Police forces have been under pressure to develop new channels for communicating with the public. But until October 2010, when the data for the study was collected "the achievement of this goal [through Twitter] has been limited".

"An examination of a sample of some of the most active accounts suggests that exchanges within networks are infrequent and the nature of Twitter means that conversations are difficult to join (because they are only semi-visible).
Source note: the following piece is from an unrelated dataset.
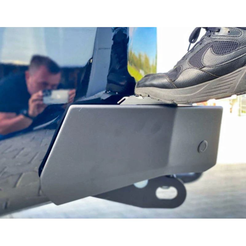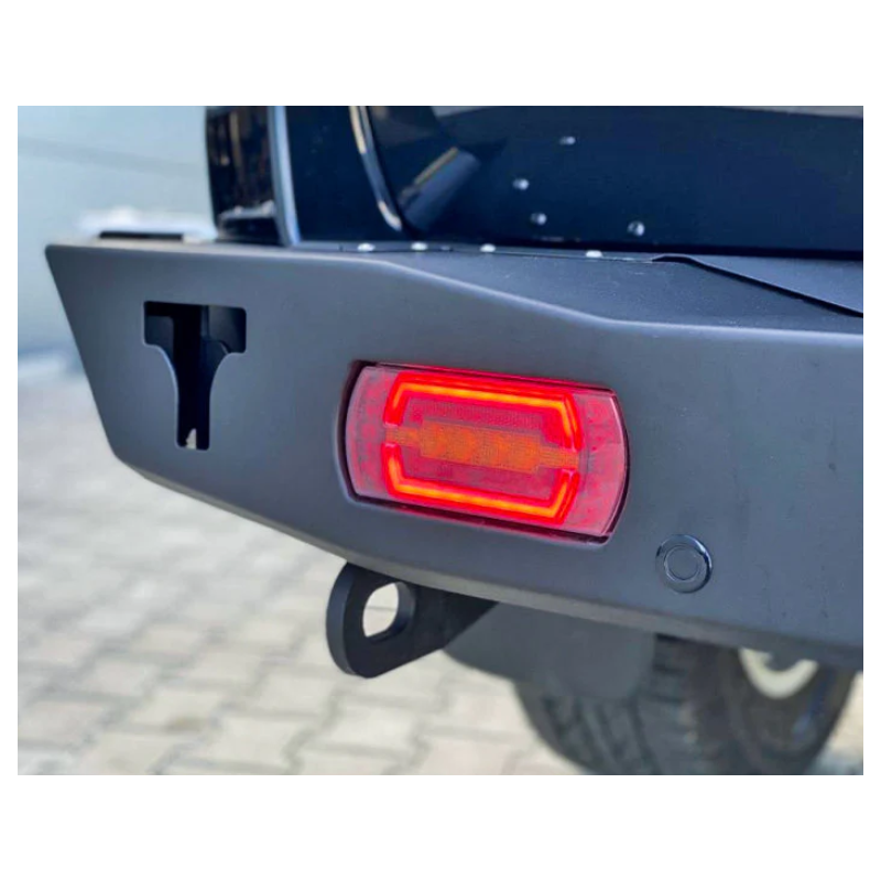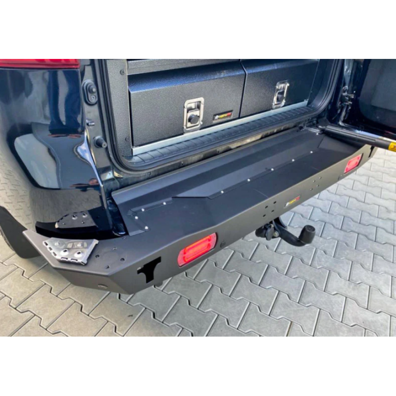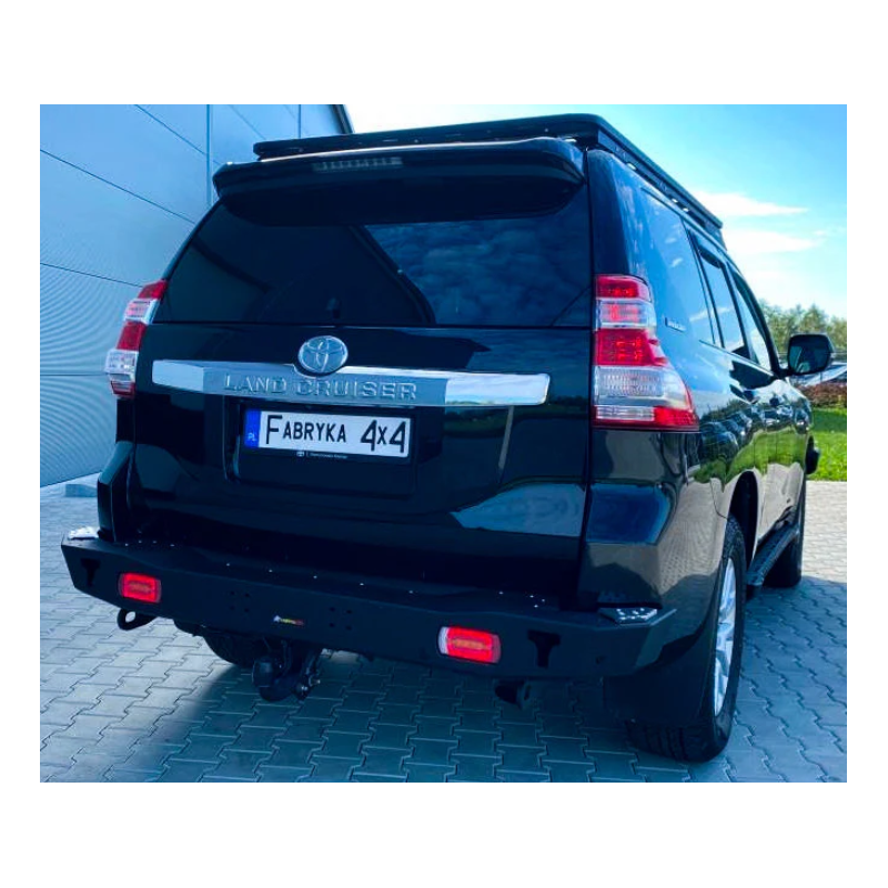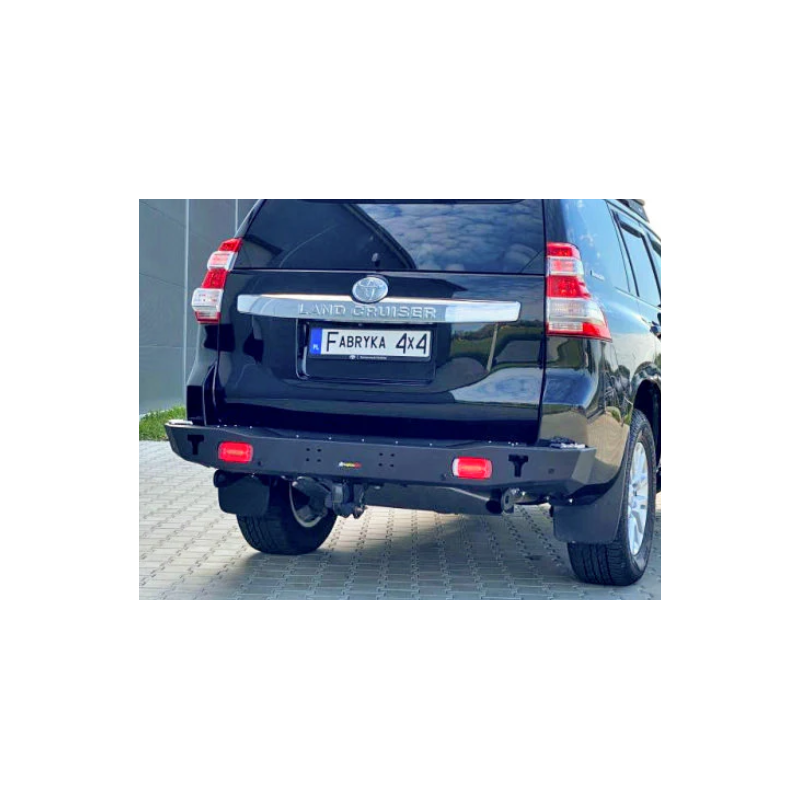 Metalinis trumpas galinis bamperis visureigiui Toyota Land Cruiser Prado J150, J155 (pritaikomas Lexus GX 460) 2013-2017 (1st facelift). Bamperis turi integruotus galinius LED žibintus, montažines angas ąsų laikikliams prisukti ir angas keltuvui Hi-Lift užkabinti (asų laikikliai komplektuojami už papildomą kainą).

In many cases one-way broadcasting of requests for information dominates other comment."

It concludes that Twitter may be a good tool for "publicising issues and conversations that will take place elsewhere, whether in other online fora such as virtual beat meetings, or perhaps on Facebook or in public meetings."

One caveat to the findings, however, is that since the data was collected, the use of Twitter by both the police and the public has intensified. "The data collection for this article was undertaken at a time when followers were fewer and networks sparser than is now the case, and when there was far less political, popular, and senior officer concern with use of social media in policing," it says.

Two recent reports from McKinsey and Ernst & Young found that businesses are also failing to use social media to interact with customers. The former found that the priority for business using social media was to make marketing campaigns more efffective, while that latter discovered that only 15% of consumers feel businesses are "good" at interacting with the via social media.